Eddie Arana, Rick Thibodeau, & Chris Bakunas San Diego, Ca. March 2012

Eddie Arana, Rick Thibodeau, & Chris Bakunas San Diego, Ca. March 2012
Eddie Arana, Rick Thibodeau, & Chris Bakunas at Luche Libre Taco Shop in San Diego, March 2012

Monday, September 1, 2014

Searching For A Cultural Identity Late In Life


If there is one aspect of the human social experience that was missing from my childhood that I would love to have been able to participate in, it would be culture. 

By culture I am referring to the practices, ideals, morals, art, traditions, etc., of a specific group of people through which people form common bonds and develop a group identity.

Didn't have much of that in the old neighborhood. Rather, we had a broad mish-mash of people who didn't have a whole helluva lot in common and the only group identity most of us shared was of being part of the underprivileged class,

Though it was a multi-ethnic neighborhood, there were no street fairs or carnivals celebrating the ethnic roots of the residents such as seen in large cities such as New York or Chicago. 

I can remember reading about big Italian-American or Irish-American, and even African-American celebrations being held in neighborhoods that were comprised primarily of people who were of the aforementioned extractions, and I always thought that being a part of something like that had to be pretty exciting.

But all we had was the occasional assembly at school that, for an hour or so, exposed us to a culture or two - usually something oriented around Black History week or Cinco de Mayo. 

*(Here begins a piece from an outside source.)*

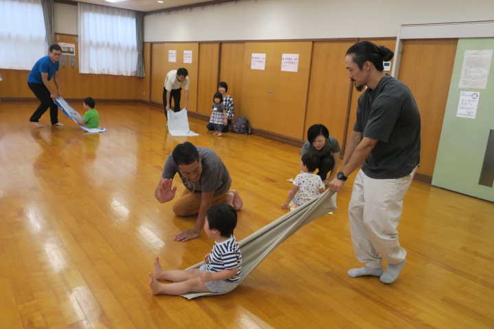 親子で一緒に体を動かし、身近な生活用品を使った遊びをみんなで楽しみました。
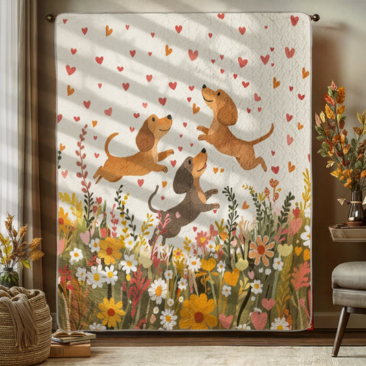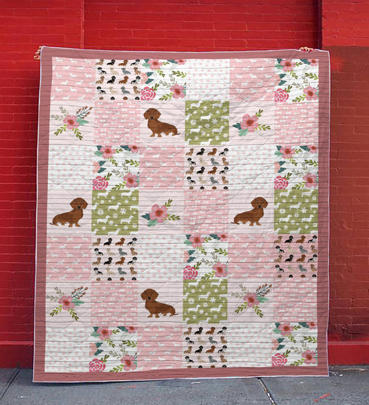 Shineful Flat Print Faux Quilt Blanket Floral Dachshund With Heart

And later, when I was in High School (after the late '70's influx of Pan-Pacific Islanders) quite a bit of Filipino or Polynesian culture was added to the mix.

Which was all very educational and enlightening, but not much that I could identify with. I was never one of those white kids who could jump wholesale into another ethnic identity in order to fit in - I kinda envied those guys who could though.

My blue-eyed. blond-haired, pasty-pale white ass did not learn much about my ethnic heritage until I was an adult, and I still really don't understand as much as I would like. 

I've attended a few of the Eastern European centric festivals that are held in the Denver metro area, and have even tried to become part of the Colorado Lithuanian-American community, but I have always walked away feeling like a tourist.

Trying to blend in with a people that I physically resemble but have no emotional or defined societal connections with is difficult. It may be that I will just have to content myself with forever being an American mutt and let the desire to align myself with a cultural heritage I have never known slide.